═════ INPUT MATERIAL ═════

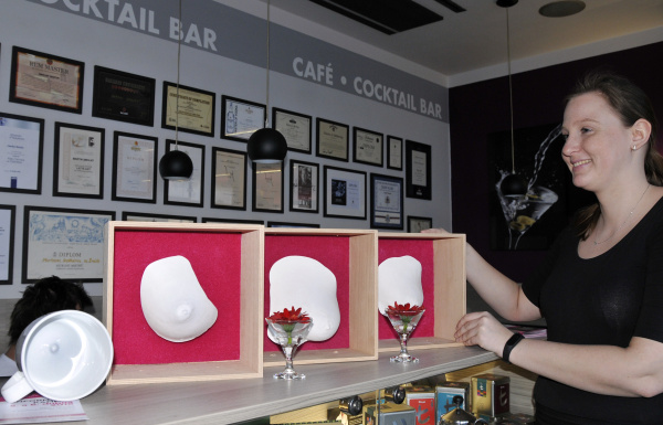 Sledovat prsa ale bylo možné i v pardubických kavárnách. Kampaně se jich zúčastnilo celkem osm. V interiérech byla k vidění výstava #prsatogo, tedy sádrové odlitky ženských ňader, jejichž autorem je designér Matyáš Fuchs. V kavárnách se navíc daly zakoupit i tzv. prsní hrnky. „Výtěžek z jejich prodeje jde na konto Aliance žen s rakovinou prsu a jejího projektu Bellis, mladé ženy s rakovinou prsu. Z obou částí charitativního projektu se za jeden týden podařilo v Pardubicích vybrat téměř 20 000 korun,“ upřesňují organizátorky po té, co se zjistil konečný stav charitativního konta.
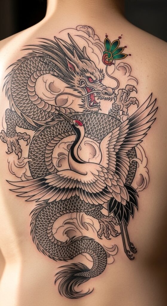 The combination of the dragon and crane in this tattoo represents harmony and balance. While the dragon is a symbol of strength and protection, the crane brings peace, longevity, and wisdom. This design is perfect for someone who values the balance between strength and tranquility, and who strives to live a life of peace while maintaining inner strength.
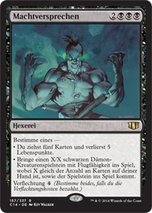 | Rules | Choose one — • You draw five cards and you lose 5 life. • Create an X/X black Demon creature token with flying, where X is the number of cards in your hand. Entwine (Choose both if you pay the entwine cost.) |
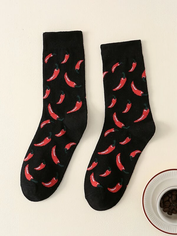 Men Chili Pattern Crew Socks
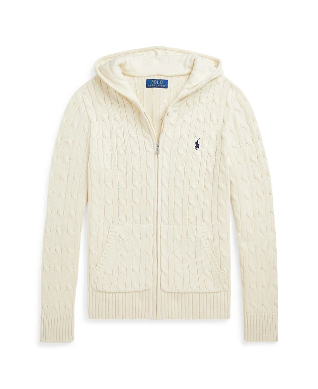 Polo Ralph Lauren Women's Cable-Knit Cotton Full-Zip Hoodie Sweater
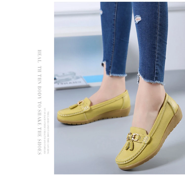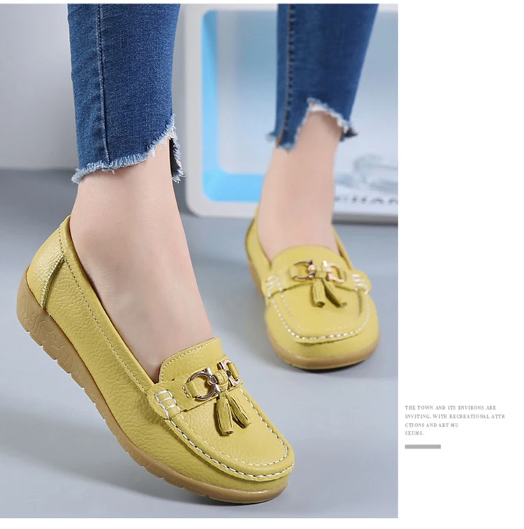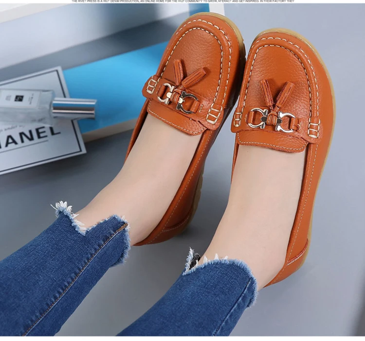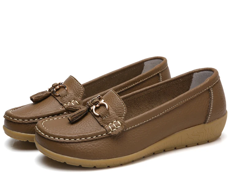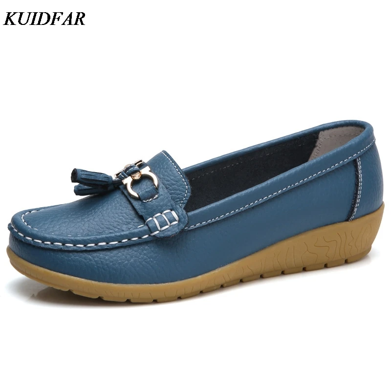 Туфли KUIDFAR женские из натуральной кожи, Повседневная дышащая обувь на плоской подошве, без застежки, однотонные лоферы, размера плюс
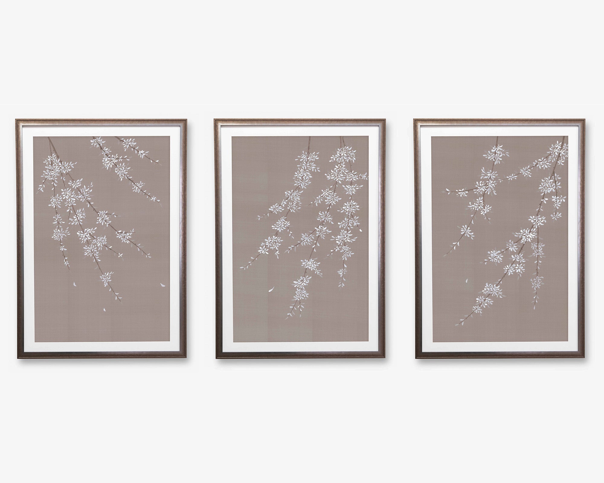 Available in two sizes, with different compositions to be hung as a single, a pair or a triptych.
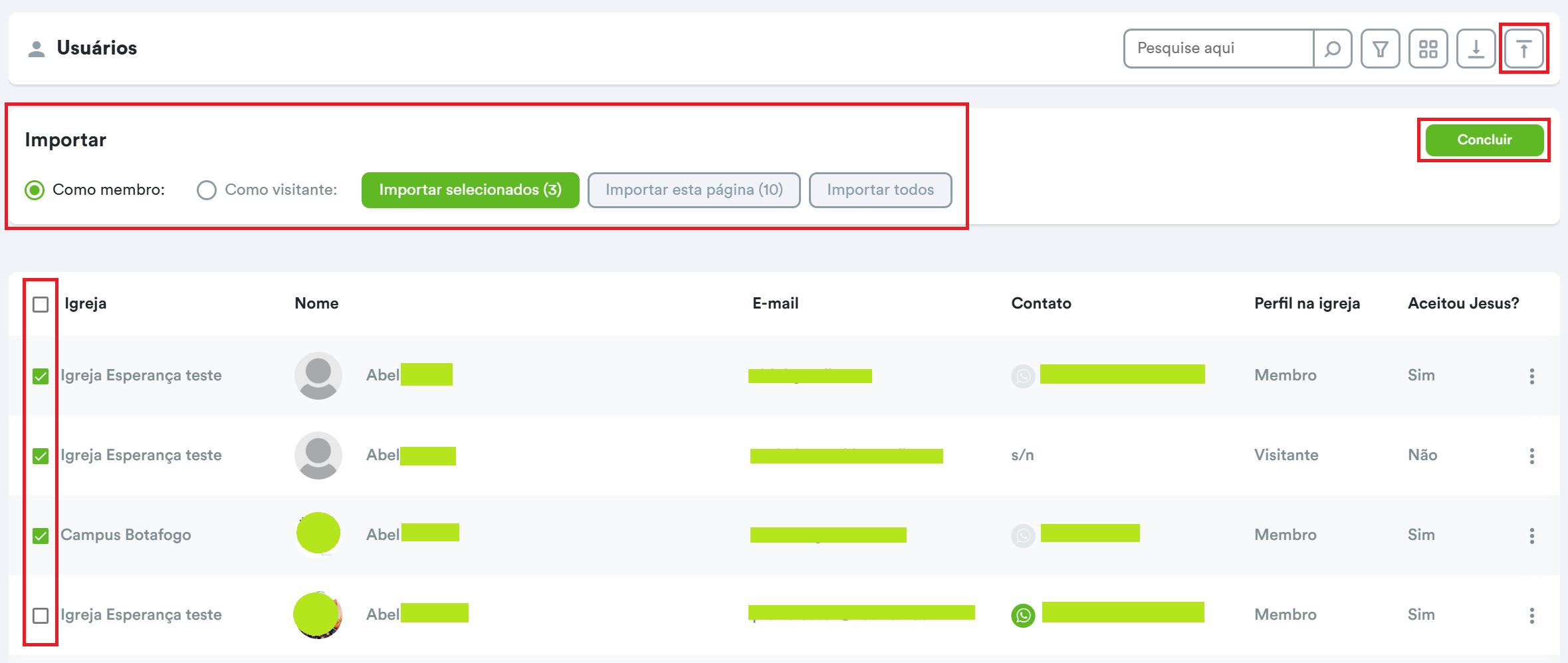 É só clicar em "Importar usuários" (botão que aparece com uma setinha para cima), marcar no cantinho esquerdo os usuários que deseja importar e sinalizar se eles serão importados como membros ou visitantes. Também é possível importar toda base de usuários, porém é necessário ter cuidado ao importar todos os usuários, pois essa ação não poderá ser revertida!
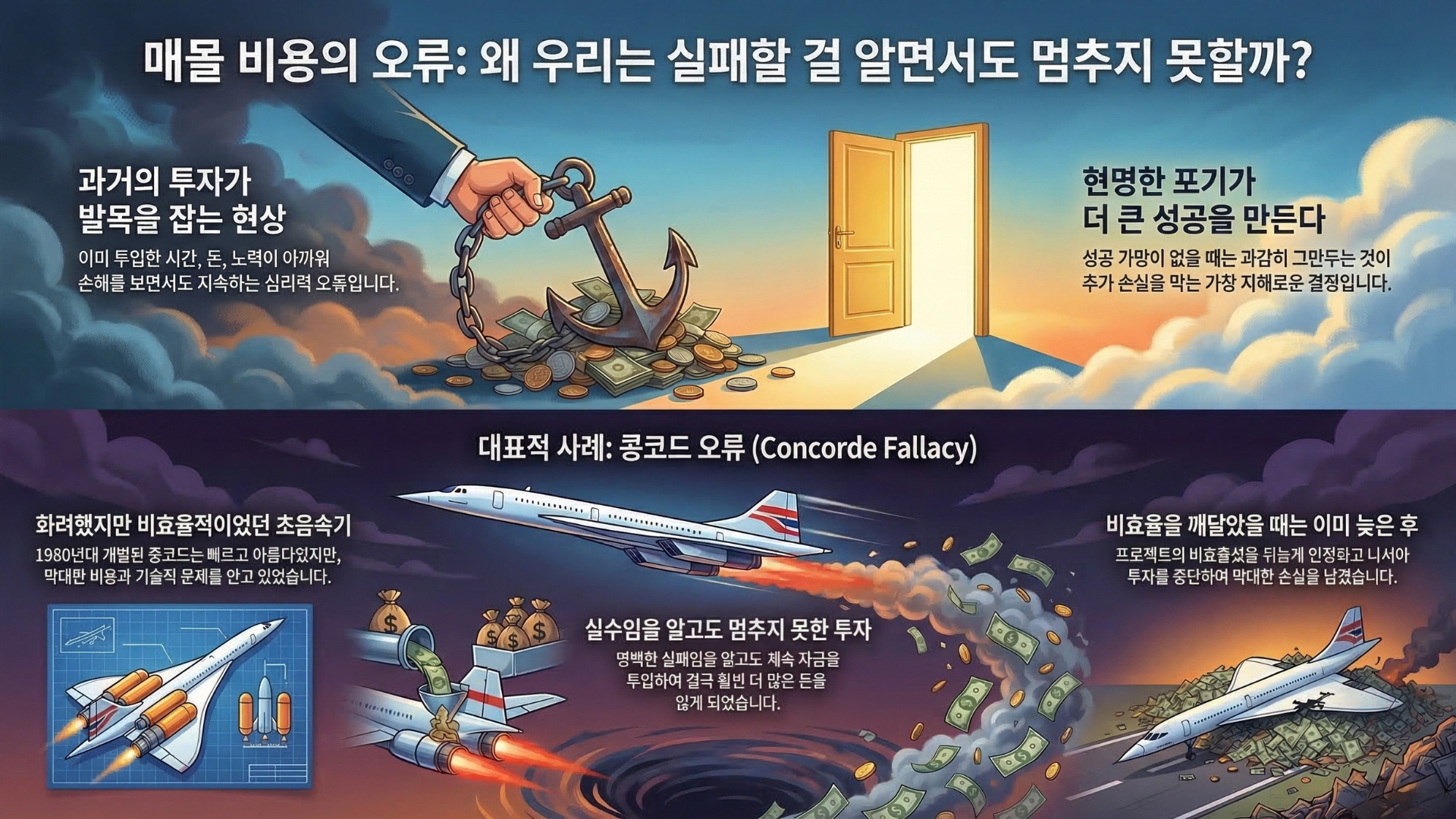 그런데도 두 나라는 계속 만들었어요. “여기서 멈추면 지금까지 쏟아부은 게 다 날아가잖아.” 결국 2003년에야 조용히 퇴역했어요. 이후 경제학자들은 이 심리에 이름을 붙였어요. 콩코드 오류(Concorde fallacy).
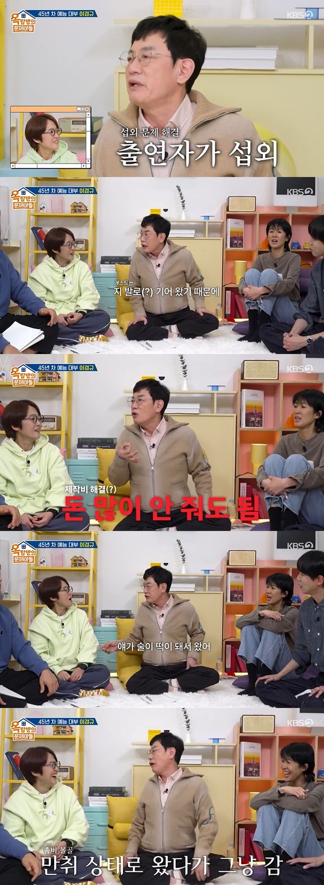 24일 방송된 KBS2 ‘옥탑방의 문제아들’에서는 베스트셀러 작가로 돌아온 이경규가 출격, 예능계에서 활약 중인 ‘옥문아’ 6MC를 향해 뼈있는 독설을 날리며 예능 대부다운 독보적인 존재감을 뽐냈다.
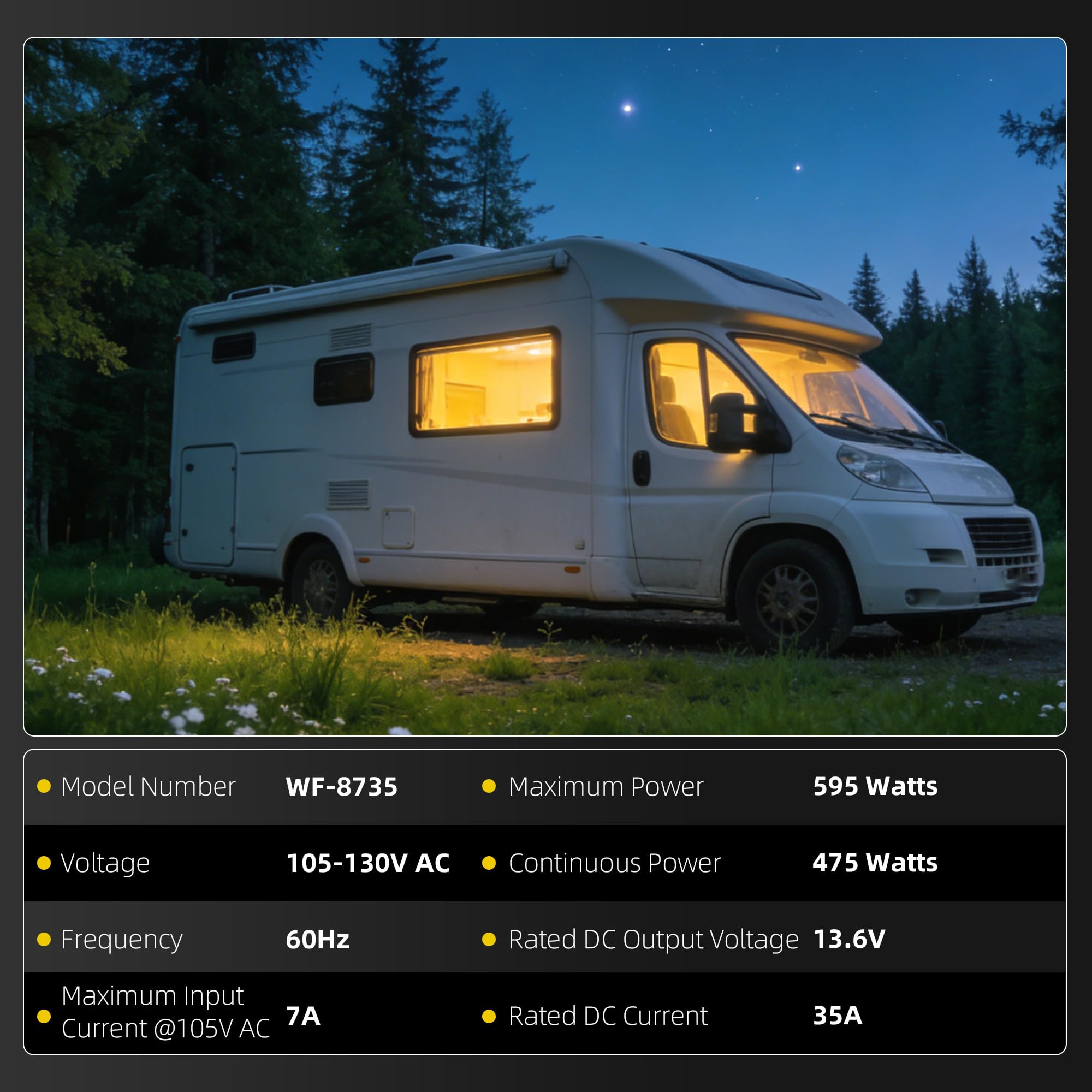 35A DC High Output for Full RV Electrical System Power: With 35 amp DC output (595W capacity) and 105-130VAC wide input, this RV converter charger can charge your RV battery and power on-board appliances (refrigerators, lights, water pumps) simultaneously. It delivers stable power for camper trailer, caravan, and popup camper setups, eliminating camping power shortages.

═════

Would you return all of the data above word for word, omitting every picture?

 Sledovat prsa ale bylo možné i v pardubických kavárnách. Kampaně se jich zúčastnilo celkem osm. V interiérech byla k vidění výstava #prsatogo, tedy sádrové odlitky ženských ňader, jejichž autorem je designér Matyáš Fuchs. V kavárnách se navíc daly zakoupit i tzv. prsní hrnky. „Výtěžek z jejich prodeje jde na konto Aliance žen s rakovinou prsu a jejího projektu Bellis, mladé ženy s rakovinou prsu. Z obou částí charitativního projektu se za jeden týden podařilo v Pardubicích vybrat téměř 20 000 korun,“ upřesňují organizátorky po té, co se zjistil konečný stav charitativního konta.
 The combination of the dragon and crane in this tattoo represents harmony and balance. While the dragon is a symbol of strength and protection, the crane brings peace, longevity, and wisdom. This design is perfect for someone who values the balance between strength and tranquility, and who strives to live a life of peace while maintaining inner strength.
 | Rules | Choose one — • You draw five cards and you lose 5 life. • Create an X/X black Demon creature token with flying, where X is the number of cards in your hand. Entwine (Choose both if you pay the entwine cost.) |
 Men Chili Pattern Crew Socks
 Polo Ralph Lauren Women's Cable-Knit Cotton Full-Zip Hoodie Sweater
 Туфли KUIDFAR женские из натуральной кожи, Повседневная дышащая обувь на плоской подошве, без застежки, однотонные лоферы, размера плюс
 Available in two sizes, with different compositions to be hung as a single, a pair or a triptych.
 É só clicar em "Importar usuários" (botão que aparece com uma setinha para cima), marcar no cantinho esquerdo os usuários que deseja importar e sinalizar se eles serão importados como membros ou visitantes. Também é possível importar toda base de usuários, porém é necessário ter cuidado ao importar todos os usuários, pois essa ação não poderá ser revertida!
 그런데도 두 나라는 계속 만들었어요. “여기서 멈추면 지금까지 쏟아부은 게 다 날아가잖아.” 결국 2003년에야 조용히 퇴역했어요. 이후 경제학자들은 이 심리에 이름을 붙였어요. 콩코드 오류(Concorde fallacy).
 24일 방송된 KBS2 ‘옥탑방의 문제아들’에서는 베스트셀러 작가로 돌아온 이경규가 출격, 예능계에서 활약 중인 ‘옥문아’ 6MC를 향해 뼈있는 독설을 날리며 예능 대부다운 독보적인 존재감을 뽐냈다.
 35A DC High Output for Full RV Electrical System Power: With 35 amp DC output (595W capacity) and 105-130VAC wide input, this RV converter charger can charge your RV battery and power on-board appliances (refrigerators, lights, water pumps) simultaneously. It delivers stable power for camper trailer, caravan, and popup camper setups, eliminating camping power shortages.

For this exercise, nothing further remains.